Artikel ini ditulis oleh Anthony Budiawan, Managing Director PEPS (Political Economy and Policy Studies).
Saham GoTo masih terus melanjutkan tren turun, dan mencapai level terendah sejak penawaran saham perdana, atau IPO, pada awal April lalu.
Saham GoTo ditutup Rp141 per saham pada transaksi kemarin (1 Desember 2022), turun Rp10 dari rekor terendah pada transaksi sehari sebelumnya yang ditutup Rp151 per saham.
Artinya, saham GoTo pada 1 Desember 2022 sudah turun lebih dari 58 persen dibandingkan harga IPO sebesar Rp338 per saham. Dengan demikian, market cap (kapitalisasi pasar), atau nilai pasar, GoTo anjlok dari Rp400,3 triliun pada saat penawaran harga perdana menjadi tinggal Rp167 triliun saja. Gelembung market cap GoTo sedang meletus.
GoTo memang kelihatannya saja besar. Tetapi, isi sebenarnya hampa. Bisnisnya tergantung dari ‘bakar duit’. GoTo tidak pernah mendapat untung selama berdiri 10-12 tahun yang lalu. Total akumulasi rugi GoTo per 30 September 2022 sudah mencapai Rp99,3 triliun. Sekarang pasti sudah lebih dari Rp100 triliun.
Anehnya, Telkomsel yang merupakan bagian dari BUMN kok mau membeli saham GoTo yang jelas-jelas sedang rugi, dan kemungkinan besar tidak akan bisa memperoleh untung. Apakah ada yang paksa beli? Siapa? Perlu diusut.
Karena, membeli saham GoTo dengan kondisi perusahaan rugi terus seperti itu, Telkomsel dengan sadar, dan sengaja, melakukan spekulasi, tepatnya gambling, dengan taruhan sebesar nilai pembelian saham Rp6,4 triliun.

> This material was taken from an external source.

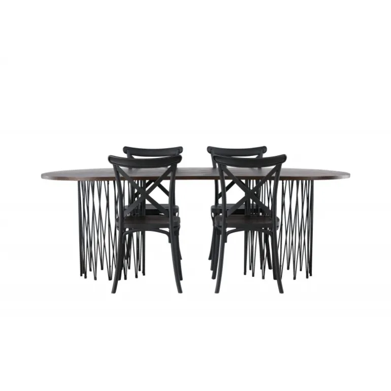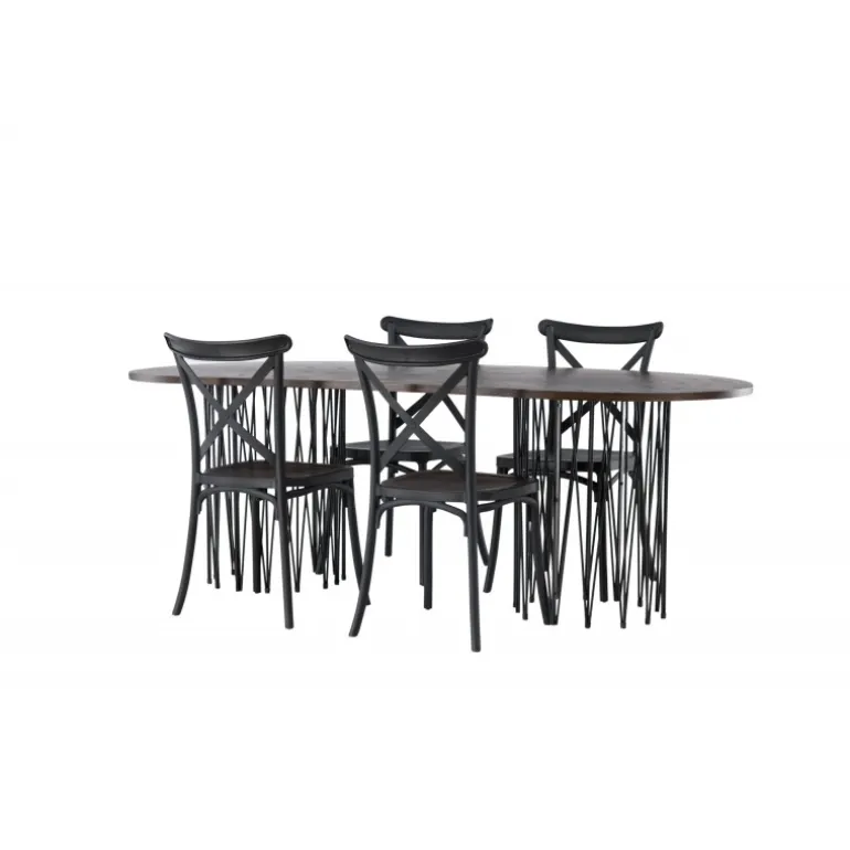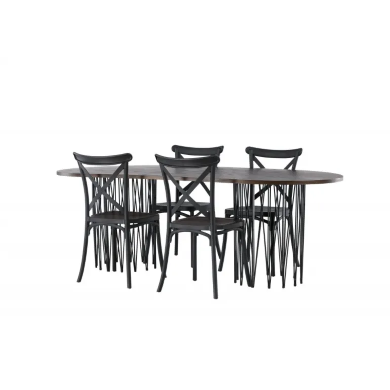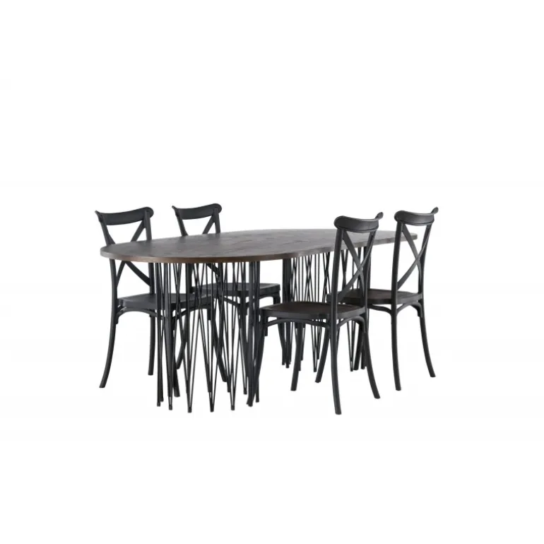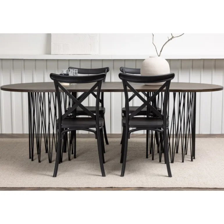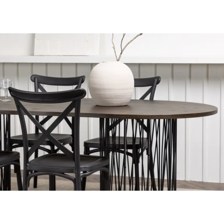 Indret dig storslået! Vores ovale spisebord Stone imponerer med sit modebevidste design. Bordet har en smuk brun bordplade i MDF med finer og to dekorative cylindriske rammer i sort metal. Her sammen med sorte spisebordsstole fra Crosett-serien. Stolen er konsekvent lavet af det praktiske materiale plastik og har en mat sort farve, der holder i tiden. Sæt tonen i stuen med en personlig Spisebordssæt! Bordets dimensioner: 220x100cm.

Dengan menggunakan harga Rp141 per saham, Telkomsel mengalami rugi Rp3,06 triliun dari investasi di saham GoTo ini. Memang rugi ini fluktuatif. Artinya, masih bisa membesar lagi. Karena harga saham GoTo masih sangat mungkin turun lagi. Maka itu, kerugian investasi Telkomsel ini akan menjadi kerugian negara, yang disengaja.
Karena, di dalam prospektus GoTo sudah dijelaskan bahwa GoTo tidak bisa memperkirakan prospek bisnisnya di waktu-waktu mendatang, GoTo sangat pesimis dapat memperoleh laba, GoTo sangat pesimis dapat membagikan dividen, dan GoTo secara eksplisit mengatakan bahwa tingkat pengembalian investasi di saham GoTo kemungkinan diperoleh dari kenaikan harga saham, yang mungkin tidak pernah terjadi.
Secara teori, harga saham perusahaan yang sedang rugi, dengan akumulasi rugi yang sangat besar, dengan prospek bisnis ke depan tidak pasti dan cenderung masih akan rugi, tidak mungkin akan bisa naik. Kenaikan harga saham pada kondisi seperti ini patut diduga karena spekulasi atau dimanipulasi.
Anehnya juga, kenapa OJK memberi izin IPO kepada GoTo yang prospek bisnisnya tidak jelas, suram, dan diperkirakan tidak bisa memperoleh keuntungan di masa depan? Apa ada permainan? Atau ada permainan apa?
Maka itu, OJK wajib bertanggung jawab atas (potensi) kerugian investor publik yang mencapai puluhan triliun rupiah. Karena lalai melindungi investor publik.